Он что, считает меня абсолютной идиоткой, способной заглотнуть такую вот примитивную наживку? Возможно, я ему действительно чуть-чуть понравилась, но не до такой же степени, чтобы отказываться от своих первоначальных планов ради случайной знакомой. Принимая к тому же во внимание поздний час и дальнюю дорогу.
Резко зазвонил телефон и я даже подскочила от неожиданности. Кто мог звонить мне почти в полночь?
— Наташа, — услышала я голос Володи, — Марина случайно не у тебя?
— А она должна быть у меня? — осторожно спросила я. — Ты же знаешь, я все забываю последнее время.
— Просто ее до сих пор нет дома и я уже не знаю, что и думать. Она сказала, что задержится немного на работе, потом кое-что купит и приедет. И вот…
— Ты что, не знаешь? Там пожар у нее на работе.
— Какой еще пожар?
— Такой, на который пожарные приезжают. Я была в клубе, видела. Три верхних этажа полыхают, никак потушить не могут. Постой, постой, так Марина там?
Я услышала, как Володька то ли всхлипнул, то ли охнул, и тут же в трубке раздались гудки отбоя. А в моей квартире — звонок в дверь. Пришел друг моего новообретенного поклонника.
Два незнакомых мужика в полночь в моей квартире! Масика хватила бы кондрашка, узнай он об этом. Впрочем, такая новость вполне могла бы заставить его отказаться от сомнительной брачной авантюры. Если не сойду с ума и выживу — обязательно расскажу. Впрочем, рискованно: замучит попреками и советами, как нужно всех остерегаться и что обычно бывает на уме у всякого нормального мужчины при виде женщины. Не знаю, наверное мне везет на ненормальных мужчин: никто из моих знакомых, как близких так и не очень, не пытался ко мне приставать со всякими глупостями даже тогда, когда я была молода. А уж теперь-то… Да ладно — семь бед, один ответ.
Подумать только, всего лишь пару часов тому назад меня больше всего беспокоило, не слишком ли неубранной выглядит моя квартира!

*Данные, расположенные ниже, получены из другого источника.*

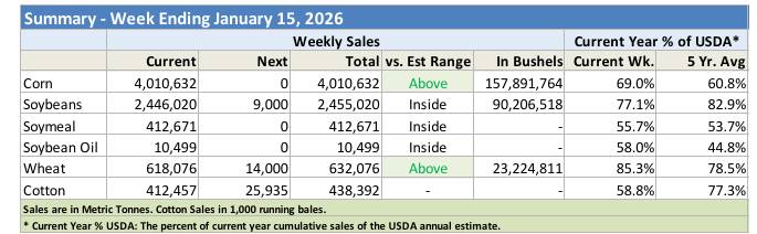 Consolidation and a choppy trade were the key features in corn this week until the market received this week’s export sales report for corn in my opinion. Buyers remained mostly idle amid a flurry of fundamental and technical challenges, stemming from the January 12th crop report. Managed funds in my view have pushed out to a sizable short from neutral post report in the last two weeks. Ending stocks swelled on increased acres as yield and production were record large. In another black eye for corn, legislation to allow year-round sales of higher ethanol blends in the U.S. was left out of a suite of 2026 spending bills, as lawmakers sought to avoid another government shutdown. Futures reacted minimally, though producers and the National Corn Growers Association were quick to show disapproval. USDA’s Prospective Plantings Report at the end of March could be the next major market mover, unless weather in South America shows lower corn production potential in Argentina, amid corn planting just getting underway in Brazil. There is increased talk by some crop scouts that current Argentine production estimates are tedious given that Argentine soybean crop ratings have declined for two consecutive weeks, dropping 30 points in the good to excellent category. Extended forecasts showing weather conditions are not improving into February while reports Argentina’s corn crop has seen production loss as well as good to excellent ratings have dropped 23 percentage points in the last two weeks.
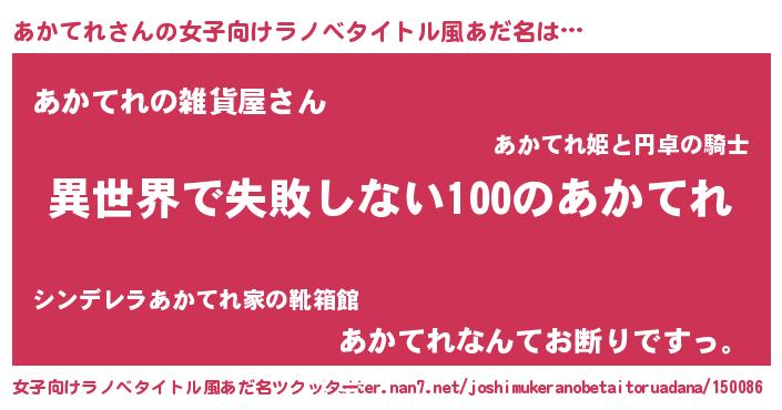 | 男性向けラノベタイトル風あだ名 | 『あかてれという概念が存在しない退屈な世界 』 |
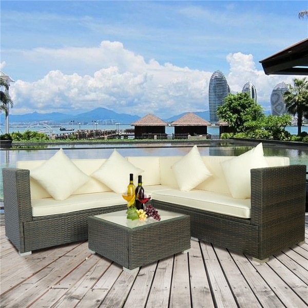 leisure zone 4pcs big beige cushion outdoor pe rattan wicker patio sofa sectional furniture set conversation set
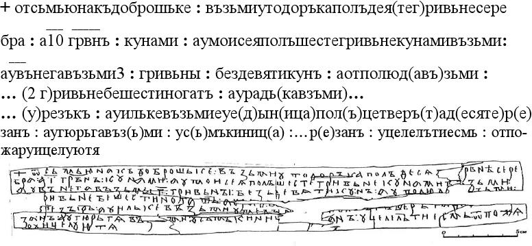 (1) перевод: "+ От Семьюна к Доброшке : Возьми у Тодорка десять с половиной гривен серебром : и 10 гривен : кунами : У Моисея шесть с половиной гривен кунами возьми : У Внега возьми 3 :гривны без девяти кун. От Полюда…возьми : (2 г)ривны без шести ногат : У Радька (возьми)…(у)резок : У Ильки Ме(д)ынича возьми десять и полчетверти резан: У Гюрьгия возьми :у Семкинича :…резан: А я вот уцелел от пожара и целую тебя".
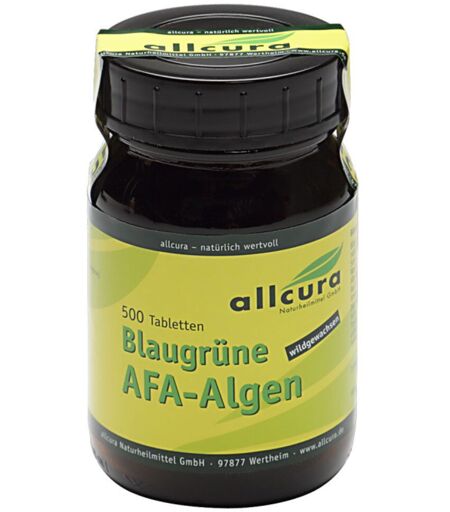 Nahrungsergänzungsmittel sind kein Ersatz für eine ausgewogene, abwechslungsreiche Ernährung und eine gesunde Lebensweise.Wildgewachsen im Naturschutzgebiet des Oberen Klamathsees, OregonDie blaugrünen Uralgen sind winzige Einzeller, die ersten Sauerstoffbildner unseres Planeten.Ihr botanischer Name ist Aphanizomenon flos aquae, kurz genannt AFA - Alge. Ihre Zellwand besteht nicht aus Zellulose, sondern aus gut verdaulichem Protein. Afa-Algen werden als Mini-Snack für Zwischendurch immer beliebter.Afa-Algen werden nach der Ernte schonend gereinigt und nach dem neuen besonders schonenden RW-S Verfahren getrocknet.Ohne Bindemittel.Zutaten:Afa-Algenpulver (Aphanizomenon Flos Aquae).Nährwerte:NÄhrwertangabenpro 100 gEnergie1537 kj / 365 kcalFett4,4 gdavon gesättigte Fettsäuren1,1 gKohlenhydrate15,9 gdavon Zucker0,4 gBalaststoffe3,0 gEiweiß63,5 gSalz0,5 g Verzehrempfehlung: 1 - 8 Tabletten über den Tag verteilt zu sich nehmen.Hinweis:Die angegebene empfohlene tägliche Verzehrmenge darf nicht überschritten werden.Lagerung:Außerhalb der Reichweite von kleinen Kindern lagern.Nettofüllmenge:500 Stück à 250 mg = 125gHersteller:allcura Naturheilmittel GmbHReichenäcker 797877 Wertheim ...
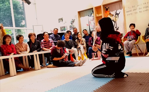 舞蹈结束后,馆长王洋老师绘声绘色地为老人们阅读了绘本故事《孩子们的守护者》,由此赞美场上这些青青小屋的老年志愿者:“你们也是孩子们的守护者。”在王洋老师的带领下,大学生志愿者也带来了由自己阅读的绘本故事:心理志愿者张连政带来了《团圆》,人生就是团聚、分别、再团聚、再分别……老人们耐心地听着,目光中混杂了柔情和苦涩。地学青协志愿者带来了《外婆和大公鸡》、《我爱我的爷爷》,幽默有趣的故事情节逗得爷爷奶奶们忍俊不禁。儿童志愿者也不甘落后,可爱的小姑娘豆豆朗诵了《感恩的味道》,动情的声音引得爷爷奶奶们感动不已……
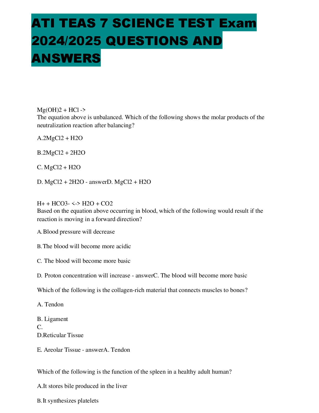 Education > EXAMs > ATI TEAS 7 SCIENCE TEST Exam 2024/2025 QUESTIONS AND ANSWERS (All)
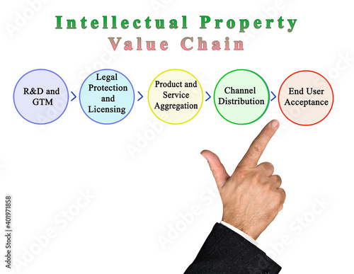 intellectual, property, value, chain, research, development, legal, protection, law, product, service, aggregation, grooved, distribution, end, user, acceptance, process, diagram, concept, business, commerce, logistic, consumer, application, man, male, person, finger, pointing, virtual, screen, manager, lawyer, inventor, hand
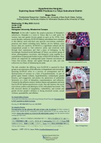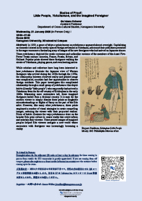 The International Japanese Studies Group in the Institute for Humanities Research at Kanagawa University is pleased to announce its spring talk schedule as well as its tentative autumn schedule.
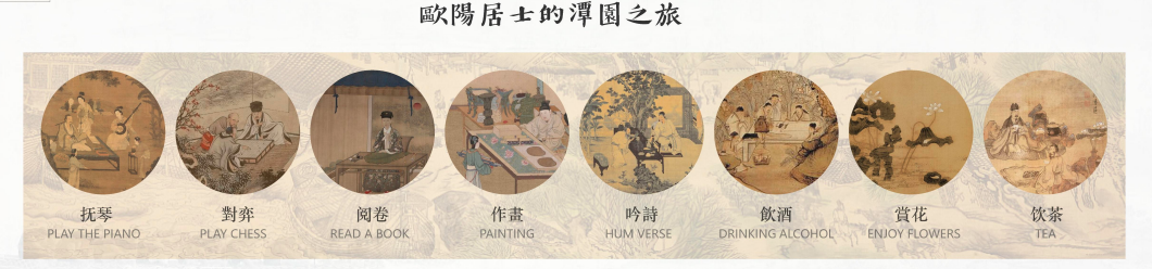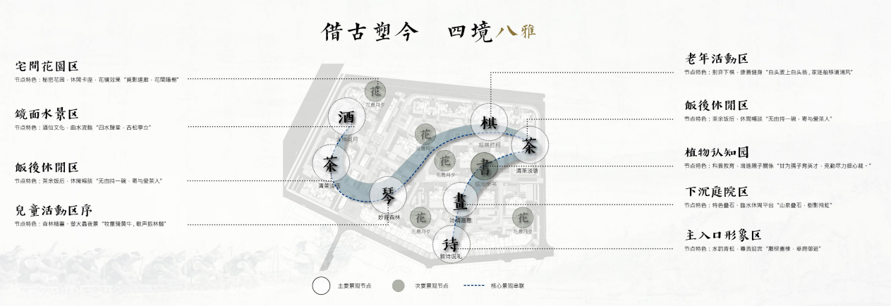 其中,四境八雅借鉴了欧阳居士的谭园之旅,由「琴、棋、书、画、诗、酒、花、茶」八种元素组成,每种元素所代表的景观功能不同。
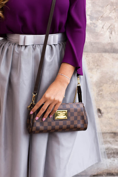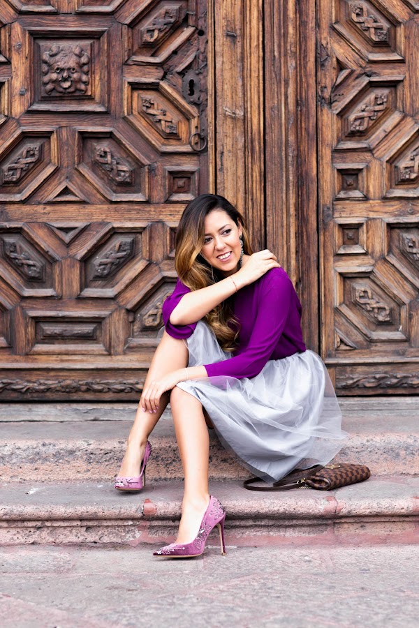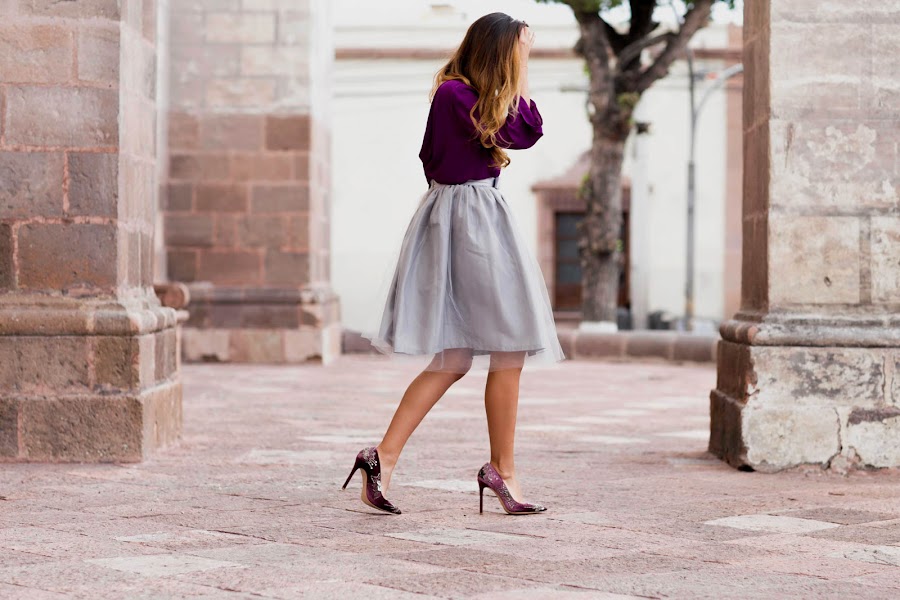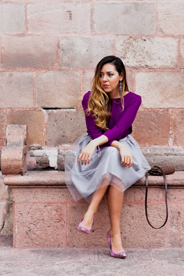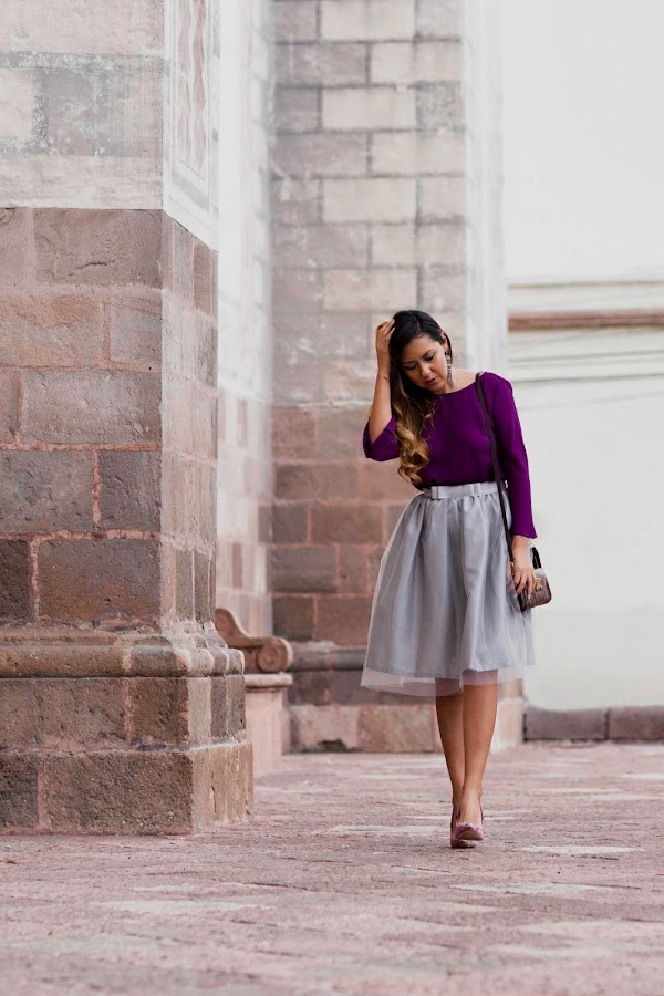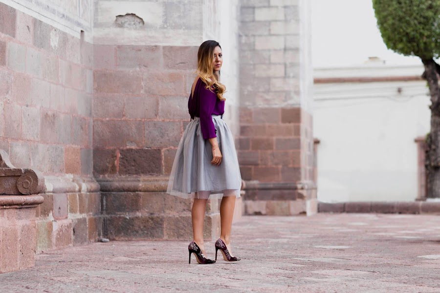 Quienes ya me conocen saben que tengo un guardarropa y unos gustos bastante variados pero aún así creo que tengo un estilo definido y es que a lo que me ponga le pongo el toque femenino porque de verdad disfruto vestir con esos elementos y hacer mías las prendas. En esta ocasión estoy usando por completo un Lady Look, no cabe duda que es femenino, romántico y elegante. La prenda principal es la falda de tul en color gris de la marca Philippas Closet la cual tiene una línea para mujer además de ropa hermosa para niños, de verdad que tienen que verla porque tiene un aire de antaño que simplemente van a amar. Decidí combinarla con una blusa en color morado y unas zapatillas del mismo color, añadiéndole un toque sexy como el collar en la espalda y así aprovechar el escote.

Глава третья. Сны и реальность
Какое же это невероятное облегчение: осознать, что свободен. Свободен от необходимости считаться с привычками и намерениями совершенно, в общем-то постороннего человека. От беспокойства, что кто-то может грубо вторгнуться в любовно созданный тобой мир и нанести непоправимый ущерб. Свободен от всего! И правильно: он, такой умный, необыкновенный и талантливый должен быть в особенном положении. Свобода — это действительная осознанная необходимость, и уж кому-кому, а ему это известно на собственном опыте.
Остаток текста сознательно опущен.